You've probably heard it before: "We need a rebrand." New logo, new colours, maybe a fancy animation on the homepage. Months of work, thousands of pounds, and when it launches... nothing changes.
Here's why: your brand isn't the problem. Your product is.
The Rebrand Trap
I've watched companies spend £20k on a rebrand when their actual issue was a clunky checkout process. Or slow customer support. Or a product that didn't solve the problem they claimed it did.
A fresh coat of paint doesn't fix a broken engine.
Rebranding makes you feel like you're doing something. It's visible, it's exciting, and everyone gets to have an opinion on whether the blue should be "Ocean Mist" or "Corporate Navy." But it rarely moves the needle on revenue.
What Actually Matters
People don't buy brands. They buy solutions to problems.
If your product is slow, confusing, or just not that good, no amount of sleek design will save you. You'll attract attention for a week, maybe two, and then you're back where you started.
Here's what actually drives growth:
1. Product that works better than the competition Not just good. Better. Faster, simpler, cheaper, or more reliable. Give people a reason to switch.
2. Clear messaging that explains the value in seconds If someone lands on your site and doesn't immediately understand what you do and why they should care, you've already lost. Clarity beats creativity every time.
3. Friction-free user experience Every extra click, every confusing form, every page that takes too long to load is a customer walking away. Remove the obstacles.
4. Speed of execution Your competitor isn't waiting for the perfect rebrand. They're shipping updates, fixing bugs, and talking to customers. While you're in design reviews, they're winning market share.

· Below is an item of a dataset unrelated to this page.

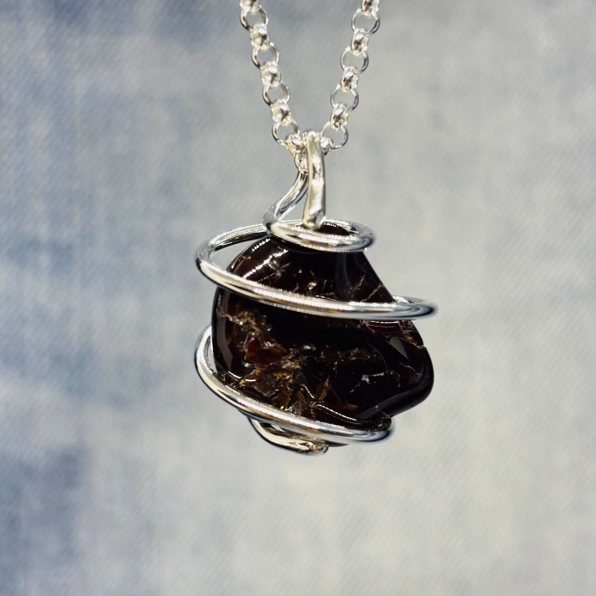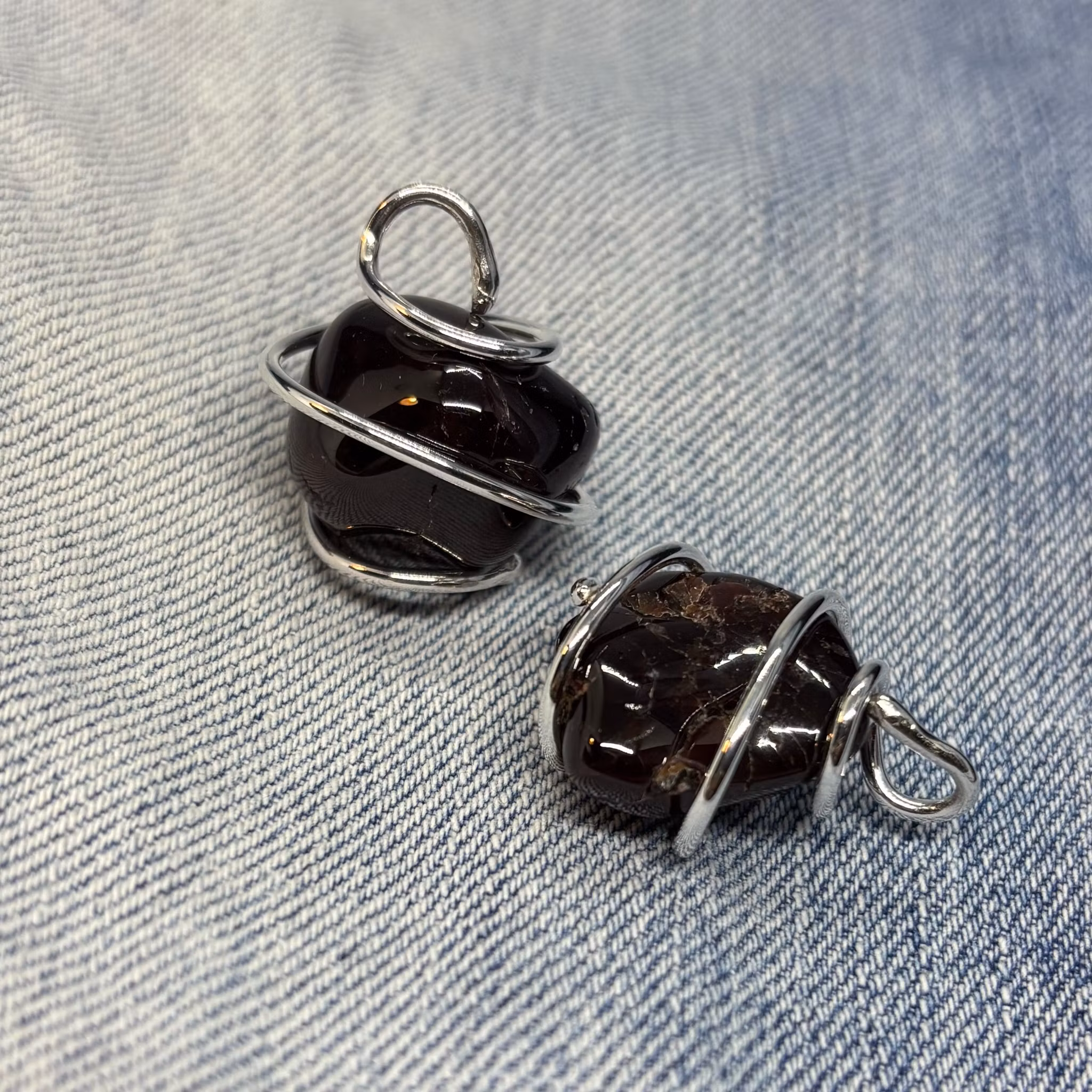 Hänge Sensuality - ett vackert hänge med en djupt vinröd Granat. Den är mjukt lindad med silver runt stenen. Ändarna är värmda och rundade för att förstärka stenens egenskaper.

When Rebranding Actually Makes Sense
I'm not saying rebrands are always pointless. They work when:
- Your brand genuinely misrepresents what you do now (you've pivoted, grown, or changed direction)
- Your visual identity is actively hurting credibility (looks like it was built in 2005)
- You've fixed the product and need perception to catch up
But if you're rebranding because growth is flat, you're solving the wrong problem.
Build First, Brand Later
At Arcscribe, we focus on building tools and websites that actually perform. Fast load times, clean UX, clear paths to conversion. The aesthetic matters, but only after the fundamentals work.
A beautiful website that converts at 0.5% is worse than an ugly one that converts at 5%. Fix the mechanics first. Make it pretty second.
If your business isn't growing, don't rebrand. Build something better.